▶ **RECORDED DATA**:
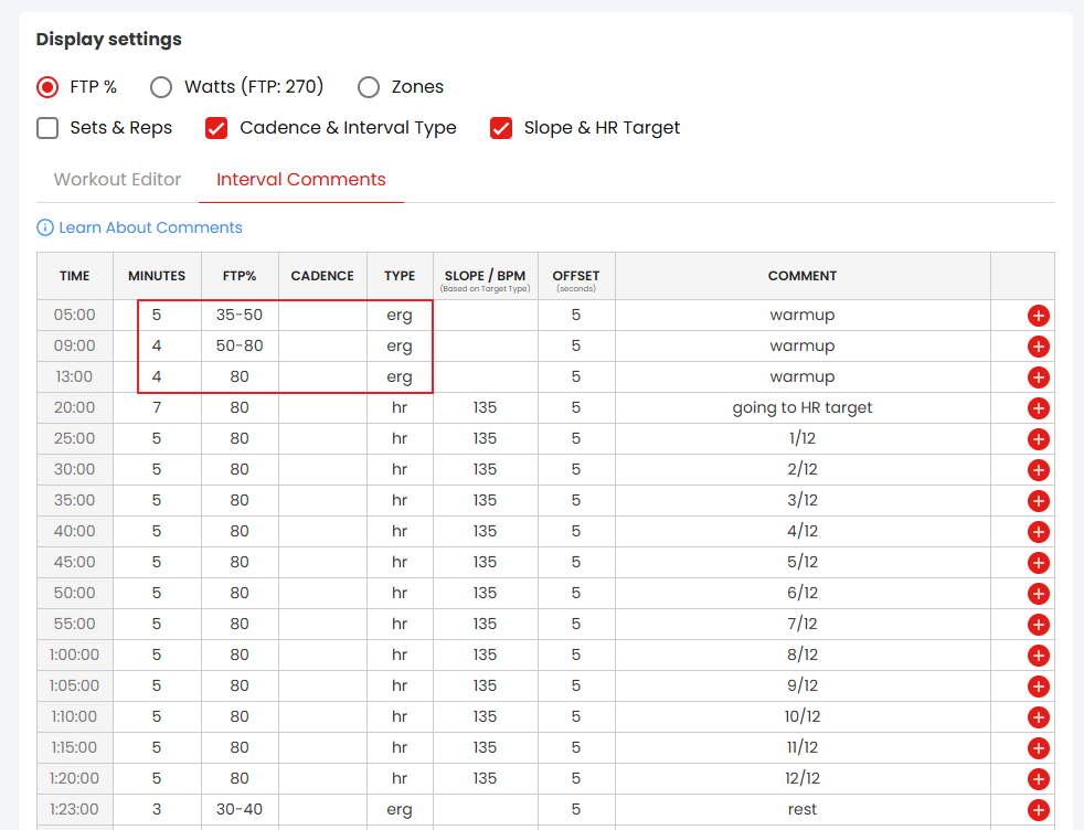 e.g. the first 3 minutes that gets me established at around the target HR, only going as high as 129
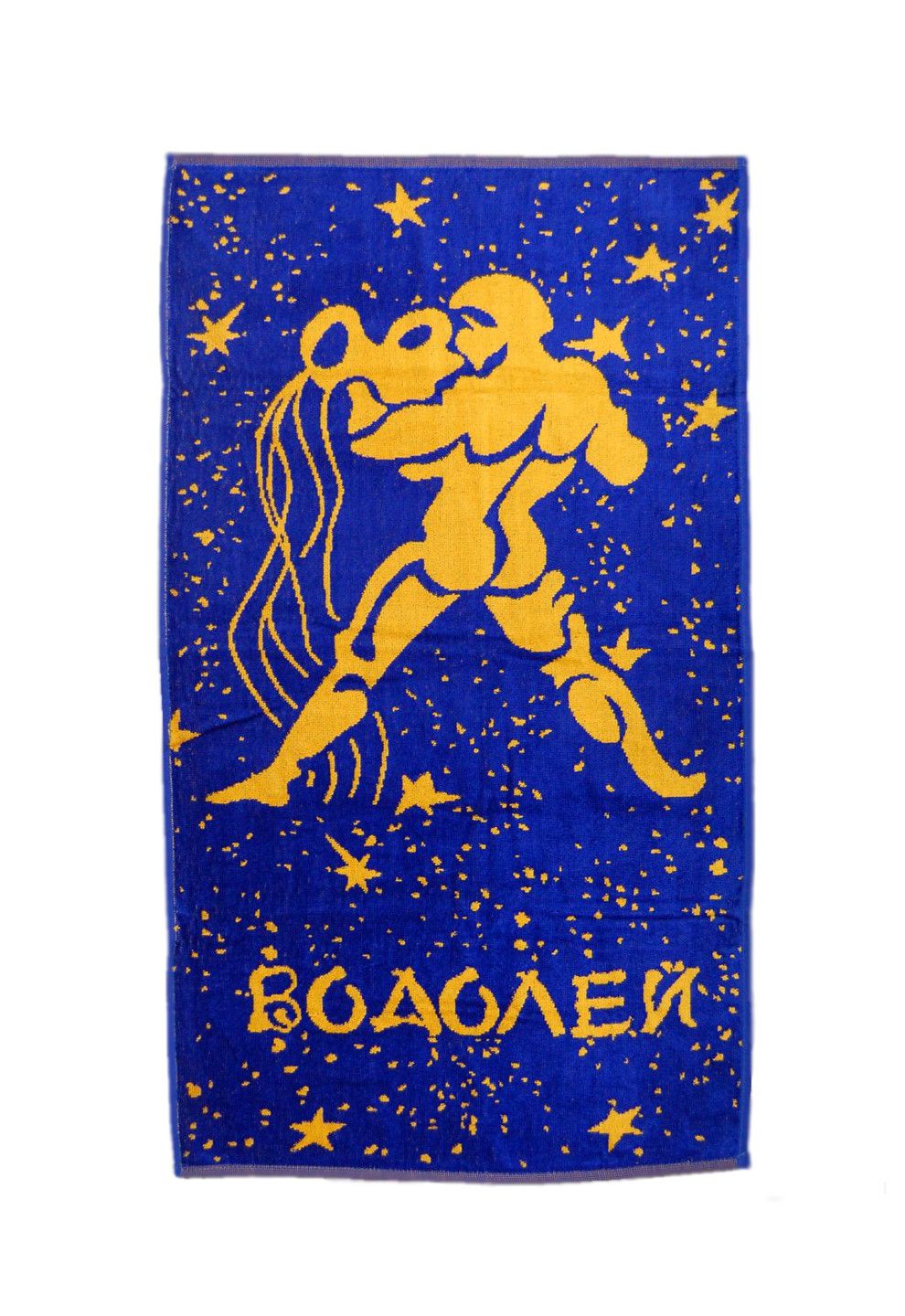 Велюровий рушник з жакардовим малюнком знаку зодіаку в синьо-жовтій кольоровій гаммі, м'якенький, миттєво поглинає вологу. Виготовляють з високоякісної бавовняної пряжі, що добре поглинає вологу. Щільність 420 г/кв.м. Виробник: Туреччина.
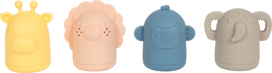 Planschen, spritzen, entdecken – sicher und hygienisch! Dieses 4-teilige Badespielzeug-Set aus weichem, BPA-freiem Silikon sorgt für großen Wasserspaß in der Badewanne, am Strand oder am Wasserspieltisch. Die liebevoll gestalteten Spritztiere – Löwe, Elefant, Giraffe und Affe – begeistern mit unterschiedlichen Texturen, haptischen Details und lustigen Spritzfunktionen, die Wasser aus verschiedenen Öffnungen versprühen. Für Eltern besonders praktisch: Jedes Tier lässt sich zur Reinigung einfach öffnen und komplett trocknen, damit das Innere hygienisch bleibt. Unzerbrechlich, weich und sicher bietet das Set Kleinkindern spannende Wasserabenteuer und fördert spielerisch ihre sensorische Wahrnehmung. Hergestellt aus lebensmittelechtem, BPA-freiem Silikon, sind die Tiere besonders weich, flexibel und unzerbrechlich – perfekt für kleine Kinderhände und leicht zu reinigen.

▶ **WHAT THE TASK REQUIRES**:
Return the lines above exactly; the images are not part of the copy.

▶ **TASK RESULT**:
 e.g. the first 3 minutes that gets me established at around the target HR, only going as high as 129
 Велюровий рушник з жакардовим малюнком знаку зодіаку в синьо-жовтій кольоровій гаммі, м'якенький, миттєво поглинає вологу. Виготовляють з високоякісної бавовняної пряжі, що добре поглинає вологу. Щільність 420 г/кв.м. Виробник: Туреччина.
 Planschen, spritzen, entdecken – sicher und hygienisch! Dieses 4-teilige Badespielzeug-Set aus weichem, BPA-freiem Silikon sorgt für großen Wasserspaß in der Badewanne, am Strand oder am Wasserspieltisch. Die liebevoll gestalteten Spritztiere – Löwe, Elefant, Giraffe und Affe – begeistern mit unterschiedlichen Texturen, haptischen Details und lustigen Spritzfunktionen, die Wasser aus verschiedenen Öffnungen versprühen. Für Eltern besonders praktisch: Jedes Tier lässt sich zur Reinigung einfach öffnen und komplett trocknen, damit das Innere hygienisch bleibt. Unzerbrechlich, weich und sicher bietet das Set Kleinkindern spannende Wasserabenteuer und fördert spielerisch ihre sensorische Wahrnehmung. Hergestellt aus lebensmittelechtem, BPA-freiem Silikon, sind die Tiere besonders weich, flexibel und unzerbrechlich – perfekt für kleine Kinderhände und leicht zu reinigen.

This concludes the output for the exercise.